И автор «записок» живет не в мире людей, а рядом (и окрест) с животными и птицами, насекомыми, травами-кустами-деревьями, снегом-дождем-рекой, небом и землей… А потому и соотносит он себя с этим миром (например, «У черепаха Федора в его клеточке лежит листик капусты, в пластмассовой крышечке (от трехлитровой банки) — тертая морковка. Не хватает солонки, рюмочки и чекушки. Плюс (минус) книжонки трепаной стишков»). И для зверья он «свой»: «Попугай Васька перемешал в своей зеленой башке все, что знает, и теперь может сказать: / — Юрик — чудный попугайчик. Хорошая птичка». Но даже здесь звучит горькое и безжалостное: «И — как все дети и животные — прав: попугай телевизионный, птичка херова без веточки».

«Пловец» — трагическая книга, где подчас тяжелые размышления-выводы по-настоящему страшны: «Иногда возможность самоубийства — единственный знак твоей силы и независимости в этой жизни (как у меня в дисбате): мучайте, суки; невыносимо мне, плохо. Не-вы-но-си-мо: но жизнь-то моя в моих руках — хочу живу, хочу помру».

Полагаю, основной камень преткновения на пути к адекватному прочтению текста — вердикт-постулат: Казарин в своей книге, как сказала Т.А. Снигирева, «выходит за рамки эстетически оправданного и этически разрешенного». Я бы уточнила: эстетически общепринятого и предполагаемо дозволенного. И здесь уместны слова самого Казарина о барковских одах, сказанные им в другом месте: «Он (Барков) не говорит о конкретных этих вещах, предметах, он говорит о другом. Это метафора. Символ. Суть жизни. Примитивная и прямая суть жизни»5. Композиция книги «Пловец» продумана изысканно и изящно (если подобные характеристики вообще применимы к этому тексту), и включение «эстетически-этически пугающих» фрагментов оправдано автором: встряхнуть читателя, забыть об условностях и правилах, включить слух, открыть глаза, заставить задуматься, прочесть главное и важное, услышать музыку фонетическую и т.п. Ироничные ремарки («на грани фола») вводятся Казариным, чтобы снизить и отконтрастить серьезность разговора о бытийном, метафизическом, онтологическом.

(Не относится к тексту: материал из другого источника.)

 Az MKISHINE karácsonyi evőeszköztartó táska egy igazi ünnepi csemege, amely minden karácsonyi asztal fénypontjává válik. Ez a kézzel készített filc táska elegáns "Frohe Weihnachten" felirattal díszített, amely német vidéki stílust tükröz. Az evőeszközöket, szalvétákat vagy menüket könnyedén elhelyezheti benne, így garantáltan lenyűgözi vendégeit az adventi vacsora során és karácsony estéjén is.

Ироничная преамбула «от автора» к «Рукописи, найденной в перевязочной»6  открыто и откровенно эксплуатирует прием контраста. Что это: создание впечатления (эффекта) документальности в пределах художественного жанра или, наоборот, документ переведен в формат художественного произведения? История любви (как фрагмент жизни автора), о которой так много уже сказано, написано, прочитано… Но эта «рукопись» работает абсолютно так, как один из 20 сонетов к Марии Стюарт, где Иосиф Бродский заставляет нас, своих современников, прочесть пушкинские строки (не перечесть — повторить в очередной раз заученное-вызубренное-впитанное с молоком матери, а прочесть). И в казаринской «рукописи» отчетливо слышен этот «жар в крови, ширококостный хруст, / чтоб пломбы в пасти плавились от жажды / коснуться…».

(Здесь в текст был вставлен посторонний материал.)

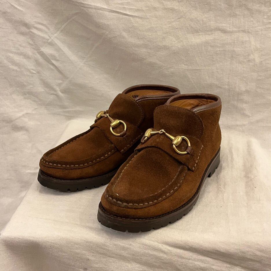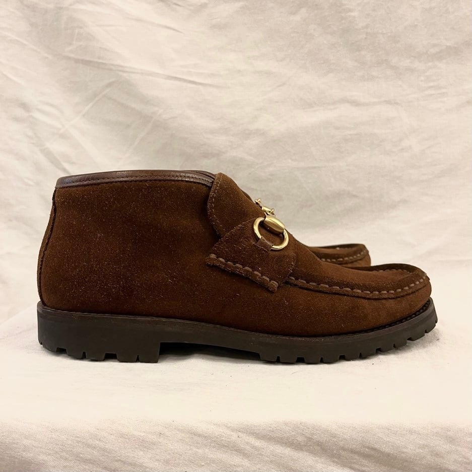 ブラウンのスエード地にゴールドのビットがクラシックな雰囲気のGUCCiビットローファー!

В казаринских фрагментах трансформация жанровых моделей происходит и на лексическом уровне. Насыщенность текста неологизмами, метафорами, эпитетами стирает границы прозы и поэзии, выстраивая свое особое семантическое поле. Высказывание (текст) обретает плоть: абстрактное соединяется с конкретным, вечное — с преходящим, всеобщее — с индивидуальным. Чувственные устремления сливаются в единый вектор с духовными. Мысль неотделима от той формы, которую она обретает, а потому такая многовекторность и разнофактурность полотна книги. А значит, и выбор жанра максимально точен: «Пловец» — это книга (!), книга «миниатюр».

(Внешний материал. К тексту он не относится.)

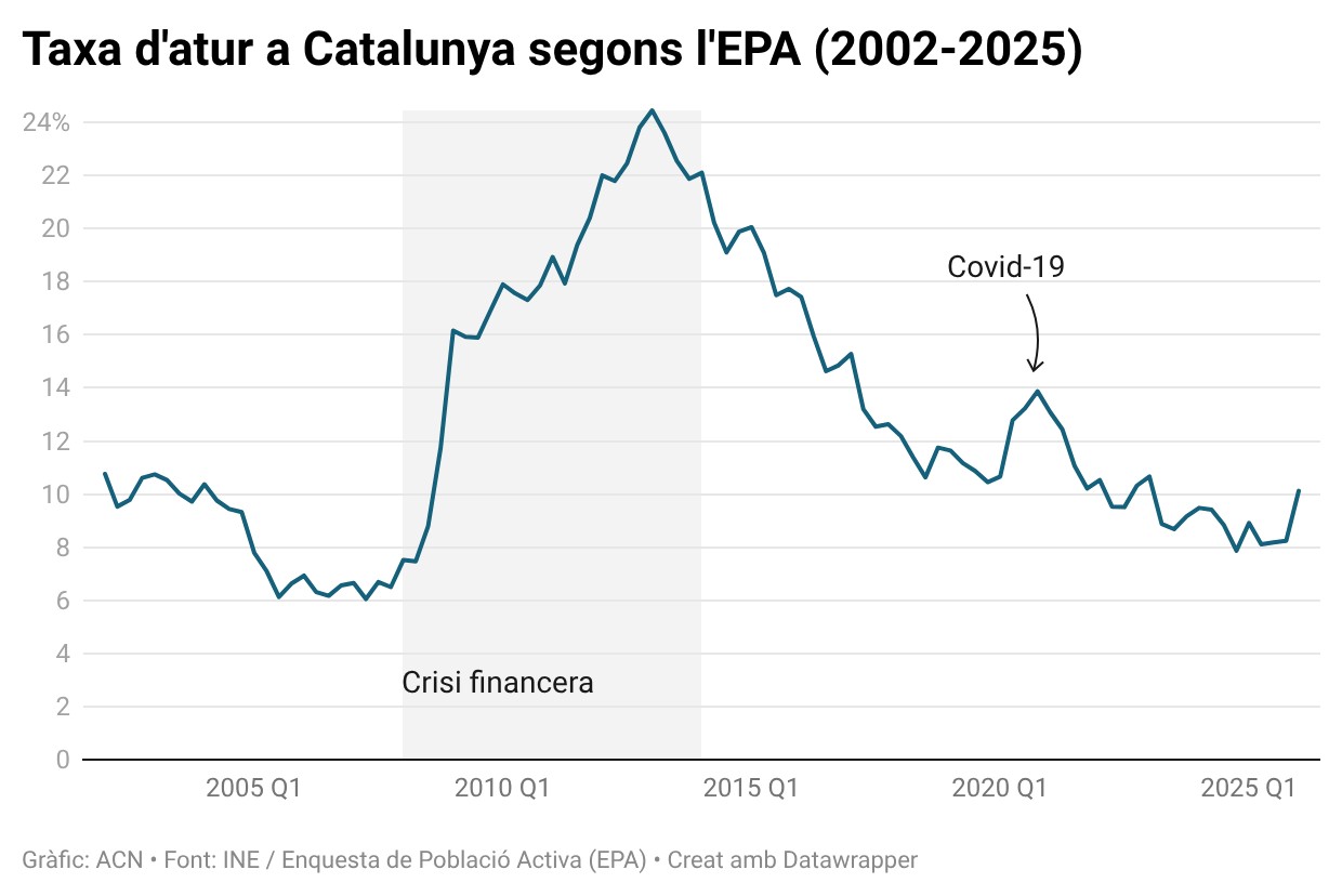 ACN Barcelona – La taxa d’atur ha crescut fins al 10,12% a Catalunya en el primer trimestre de l’any, 1,2 punts més que el mateix període de l’any passat i s’ha tornat a situar en el doble dígit després d’onze trimestre, segons les dades de l’Enquesta de Població Activa (EPA) que ha publicat aquest dimarts l’Institut Nacional d’Estadística (INE). En total, Catalunya ha començat l’any amb 435.600 aturats, un 24% més que el trimestre anterior i un 15,7% més que l’any passat. D’altra banda, l’ocupació s’ha reduït un 1,18% en comparació amb el període entre octubre i desembre, més del doble que l’any anterior (-0,16%) amb 46.200 feines menys.

«Пловец» — это «биография катастрофы»7 . Прочесть и прожить эту книгу читатель может, лишь отказавшись от общепринятой системы взглядов, обнажив свое зрение. «Стекло незаметно до тех пор, пока его не разобьешь. / Так и поэт». Нужно просто посмотреть — и увидеть стеклышко.

 

 1 Снигирева Т.А. Поводырь глагола. Юрий Казарин в диалогах и книгах: монография. — Екатеринбург: Изд. Урал. ун-та, 2011. — 153 с.

 2 Звягина М.Ю. Трансформация жанров в русской прозе конца XX в. 10.01.01. — РЛ. Дисс. … д.ф.н. — Астрахань, 2001.

 3 Там же. С. 102.

 4 Казарин Ю.В. Монологи // Урал. 2013. № 2.

 5  Казарин Ю.В. Беседы с Майей Никулиной: 15 вечеров. — Екатеринбург: Изд-во Урал. ун-та, 2011. — С. 175.

 6  Вот где открыто обозначен авторский жанр, относящийся, согласно теории М.Ю. Звягиной, к имитационному типу трансформации.

 7  Точное автоопределение жанра, высказанное Ю.В. Казариным в частной беседе.

Опубликовано в журнале Знамя, номер 2, 2018.

Рубрики
Критика

Сложить стеклянную «вечность» и посадить эвкалипт. О кн.: Анна Аркатова. Стеклянное пальто

Анна Аркатова. Стеклянное пальто. — М.: Воймега, 2017.

«Стеклянное пальто» — новая, пятая книга стихотворений Анны Аркатовой1  вышла, как и предыдущая («Прелесть в том», 2012), в московском издательстве «Воймега», но спустя пять лет: Аркатова, поэт, прозаик, эссеист, колумнист журналов «Pshychologies», «Сноб» и «Медведь», куратор литературного проекта «Египетские ночи», исключительно скупа на поэтическое высказывание. Такая требовательность в работе со стиховым материалом вызывает особое уважение.

Издательство «Воймега», плоды которого невозможно не ценить за «художественное конструирование промышленного изделия», — это всегда удобный формат и объем (независимо от размеров дамской, и не только, сумки), стильный и лаконичный дизайн Сергея Труханова, интересные авторы. Такова и эта книжка, где в оформлении было использовано фото Аркатовой, на котором — арт-объект швейцарской художницы Рут Химмельсбах «Стеклянное пальто». По словам Анны, так и родилось название книги, хотя замышлялось оно другим2 . Обложка издания — сама по себе говорящая: в одной фотографии — многоплановость, разнофактурность, игра света и теней, движение контуров, ритм линий. И главное — лишь отражение. А стеклянное пальто, сложенное из фрагментов (портновских лекал, выкроек, схем), выдвигается автором в центр читательского внимания.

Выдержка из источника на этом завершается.